### [Supplied material]
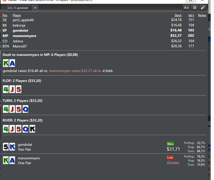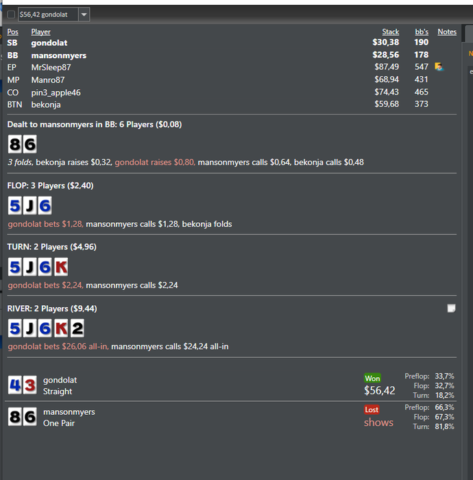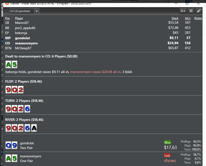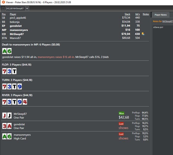 Первые 3 цифры впип/пфр/3bet, пушит или опенрейзит 10бб+ каждую руку. Человек за 124 руки залил 18 стеков)) Вот парочка раздач:
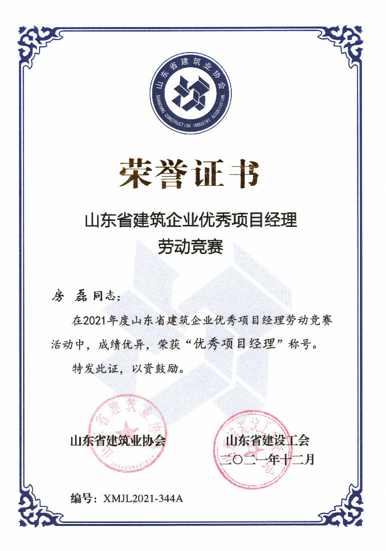 在山東省建筑業(yè)協(xié)會和山東省建設工會組織的2021年度山東省建筑企業(yè)優(yōu)秀項目經理勞動競賽活動中,我公司王勇同志和房磊同志獲評山東省建筑企業(yè)“優(yōu)秀項目經理”稱號。
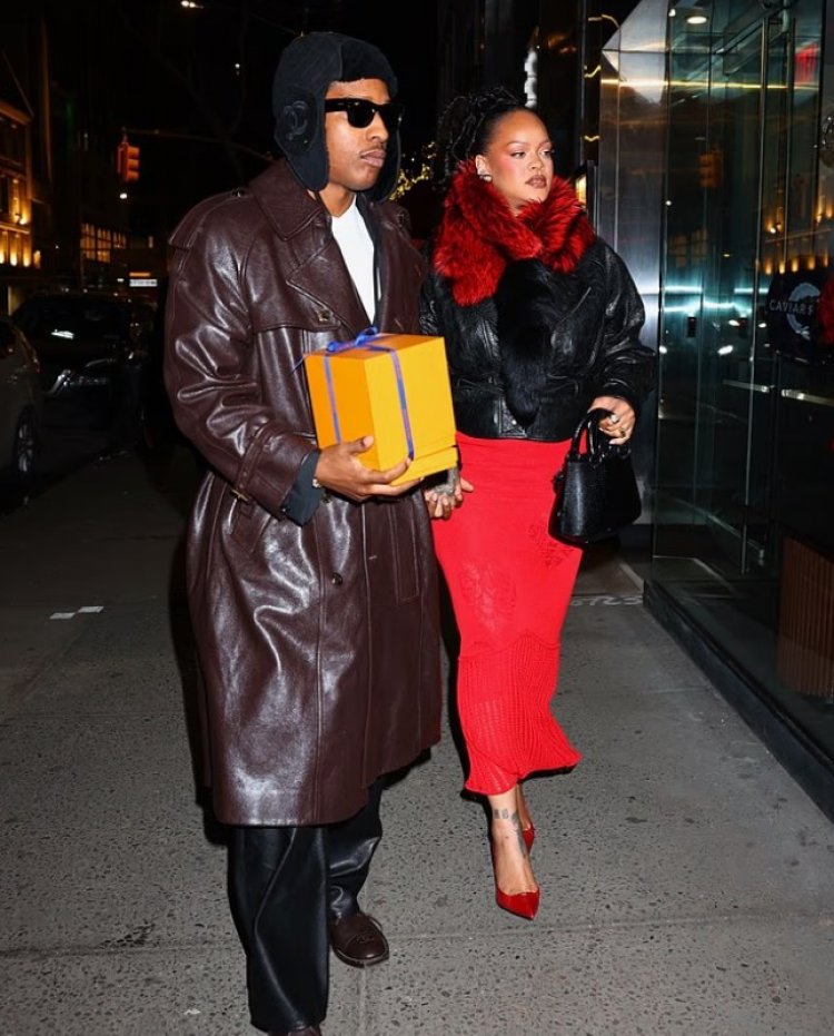 Rihanna w’imyaka 37 yari yambaye ikanzu ndende itukura iherekejwe n’inkweto ndende, ayiherekesha ikoti ry’uruhu ry’umukara. Ku ruhande rwa A$AP Rocky, we yari yambaye ikote rirerire ry’uruhu risa n’umukara, ipantaro y’umukara n’agapira k’umweru, yambaye n’ingofero ya Chanel .

### [Required action]
Beginning with the line that includes "在山東省建筑業(yè)協(x" and ending with the last line of the material, reproduce those lines exactly and nothing else, with no pictures.

### [Solution]
 在山東省建筑業(yè)協(xié)會和山東省建設工會組織的2021年度山東省建筑企業(yè)優(yōu)秀項目經理勞動競賽活動中,我公司王勇同志和房磊同志獲評山東省建筑企業(yè)“優(yōu)秀項目經理”稱號。
 Rihanna w’imyaka 37 yari yambaye ikanzu ndende itukura iherekejwe n’inkweto ndende, ayiherekesha ikoti ry’uruhu ry’umukara. Ku ruhande rwa A$AP Rocky, we yari yambaye ikote rirerire ry’uruhu risa n’umukara, ipantaro y’umukara n’agapira k’umweru, yambaye n’ingofero ya Chanel .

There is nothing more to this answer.